Dr. Terror’s House of Horrors (Amicus, 1965)

Frame Story: Five men pile into a train car on the London-to-Bradley line. They sit quietly and ignore each other until a sixth man, Dr. Schreck (Cushing) gets on, passes out, and drops his case. After collecting his things, Schreck reveals himself to be a professional on occult practices and an expert Tarot Card reader. At this, all the men except an annoying art critic ask to have their fortunes told.
Part 1- ‘Werewolf’: An architect (Neil McCallum) returns to his ancestral home where the new owner is asking him to make some alterations. Unfortunately, he uncovers the grave of a werewolf allegedly cursed to return and kill the owner of the house. However, he may have overlooked some details- including the details of the legend.

Part 2- ‘Creeping Vine’: A family has just returned from vacation, er, um…I mean, they’ve just returned from holiday, and have found a strange vine growing around their house that can’t be cut down. A science team led by Dr. Hopkins (Bernard Lee, who played James Bond’s boss ‘M’ from Dr. No in 1962 through Moonraker in 1979), discovers that the plant is evolved and has a brain- and has figured out how to defend itself.

Part 3- ‘Voodoo’: While on tour in the West Indies, a trumpet player for a jazz band (Roy Castle) sneaks into a voodoo ceremony, copies the music, and tries to make it his next big hit. Complications ensue.
Part 4- ‘Disembodied Hand’: After years of abuse, an artist (Michael Gough) gets even with a scumbag art critic (Christopher Lee). The critic is a sore loser- and runs over the artist with his car, severing the man’s hand. The artist promptly commits suicide, and his hand decides to regularly ‘visit’ the critic.
Part 5- ‘Vampire’: The first year of marriage proves to be rough when an American doctor (Donald Sutherland) learns his French wife is a bloodsucker. Hold on…isn’t this supposed to be fantasy? Whatever. Anyway, a fellow doctor recognizes what’s going on and tells the younger doc what to do. Only…how will he explain it to the police?

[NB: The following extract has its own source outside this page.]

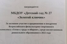 Наш детский сад отмечен благодарственным письмом от Исполнительного комитета Бугульминского муниципального района за активное участие в продвижении и внедрении Всероссийского физкультурно - спортивного комплекса "Готов к труду и обороне", среди воспитанников дошкольного образования в 2022 году.

Epilogue: Forgot to mention something, at the end of each reading, Dr. Schreck pulls a fifth ‘get-out-of-jail’ Tarot card, explaining how the readee can avoid his fate. However, each time, he pulls the Tarot equivalent of the Ace of Spades. It seems there’s only one way out and they’re all in the same car on a train…
Thoughts and Background: This was actually the first anthology film to be made by Amicus. The segments are decent enough. Honestly, I thought ‘Werewolf’ was a little confusing. Had to watch that a few times before I got it. Writers got ahead of themselves, I suppose. This film is also lambasted by online snowflakes for the ‘Voodoo’ segment. Apparently, portraying Haitian voodoo worshippers as black and putting the stupid white guy in danger for violating their beliefs is somehow racist. You know, I’ll stop there. This kind of crap is for the political site. And speaking of snowflakes, Donald Sutherland only got £1,000 for appearing in this. Between that and taking a flat amount instead of a percentage for Animal House, his agent sucks. Or maybe he does. You decide.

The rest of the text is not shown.